Creating a meta-model for analysis of an existing model with a completed design of experiments can be done using the create_metamodel_from_design
method. To create a meta-model on a more limited scope, we can use the include_measures
argument to list out a subset of measures that will be included in this metamodel.
[14]:
mm = g.create_metamodel_from_design(
'lhs',
include_measures=[
'Region-wide VMT',
'AM Trip Time (minutes)',
'Downtown to Airport Travel Time',
'Total Transit Boardings',
'Peak Transit Share',
'Peak NonMotorized Share',
'Kensington Daily VMT',
'Corridor 190 Daily VMT',
'Corridor 33_west Daily VMT',
'Corridor I90_south Daily VMT',
],
suppress_converge_warnings=True,
)
mm
[14]:
<emat.PythonCoreModel "MetaModel1", metamodel_id=1 with 4 uncertainties, 2 levers, 9 measures>
You might notice that the class of the meta-model is no longer a GBNRTCModel
but instead now it is a PythonCoreModel
. This is because at its heart, the meta-model is a Python function that wraps the gaussian process regression that has been fit to the available experimental data.

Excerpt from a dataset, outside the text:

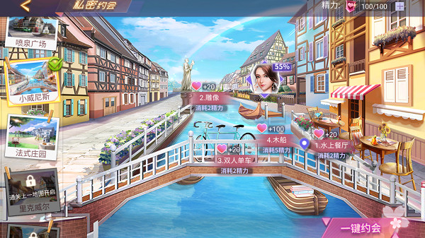 PS:手动通关好感度>一键通关(第三处约会地点手动赠送礼物,多40好感度)

Also, although the scope still has 46 measures, only 10 are active in the actual meta-model:
[15]:
mm.function
[15]:
<emat.MetaModel 6 inputs -> 9 active and 46 total outputs>
[16]:
callable(mm.function)
[16]:
True
To access this regression directly, we can use the regression
attribute
of the MetaModel
.
[17]:
mm.function.regression
[17]:
BoostedRegressor(estimators=[('lr', LinearRegression()),
('gpr',
MultiOutputRegressor(estimator=AnisotropicGaussianProcessRegressor()))])
[18]:
mm.function.regression.lr.r2
[18]:
Region-wide VMT 0.996544
AM Trip Time (minutes) 0.975504
Total Transit Boardings 0.979225
Downtown to Airport Travel Time 0.958725
Corridor 190 Daily VMT 0.987302
Corridor 33_west Daily VMT 0.985156
Corridor I90_south Daily VMT 0.990920
Peak Transit Share 0.968484
Peak NonMotorized Share 0.972930
dtype: float64
[19]:
mm.function.regression.lr.coefficients_summary()
[19]:
Coefficient | StdError | t-Statistic | p | ||
---|---|---|---|---|---|
Region-wide VMT | Land Use - CBD Focus | 0.716566 | 0.005804 | 123.451376 | 0.000000e+00 |
Freeway Capacity | 0.016095 | 0.002926 | 5.500103 | 1.064930e-06 | |
Auto IVTT Sensitivity | -0.087768 | 0.011870 | -7.394311 | 9.431564e-10 | |
Shared Mobility | 0.056346 | 0.003111 | 18.112700 | 0.000000e+00 | |
Kensington Decommissioning | -0.002179 | 0.001219 | -1.786796 | 7.958416e-02 | |
... | ... | ... | ... | ... | ... |
Peak NonMotorized Share | Auto IVTT Sensitivity | 0.004077 | 0.002633 | 1.548439 | 1.273580e-01 |
Shared Mobility | -0.022950 | 0.000690 | -33.259215 | 0.000000e+00 | |
Kensington Decommissioning | -0.000207 | 0.000270 | -0.764370 | 4.479741e-01 | |
LRT Extension | 0.000080 | 0.000267 | 0.298330 | 7.665962e-01 | |
_Intercept_ | 0.038900 | 0.002846 | 13.666207 | 0.000000e+00 |
63 rows × 4 columns
We can also generate cross-validation scores for the MetaModel
to verify that the
meta-model is performing well.
[20]:
mm.function.cross_val_scores()
[20]:
Cross Validation Score | |
---|---|
Region-wide VMT | 0.9969 |
AM Trip Time (minutes) | 0.9796 |
Total Transit Boardings | 0.9949 |
Downtown to Airport Travel Time | 0.9699 |
Corridor 190 Daily VMT | 0.9863 |
Corridor 33_west Daily VMT | 0.9856 |
Corridor I90_south Daily VMT | 0.9914 |
Peak Transit Share | 0.9905 |
Peak NonMotorized Share | 0.9930 |
To use the metamodel for exploratory analysis, we can design and run a large number of experiments.
[21]:
design = mm.design_experiments(n_samples=10000, sampler='lhs')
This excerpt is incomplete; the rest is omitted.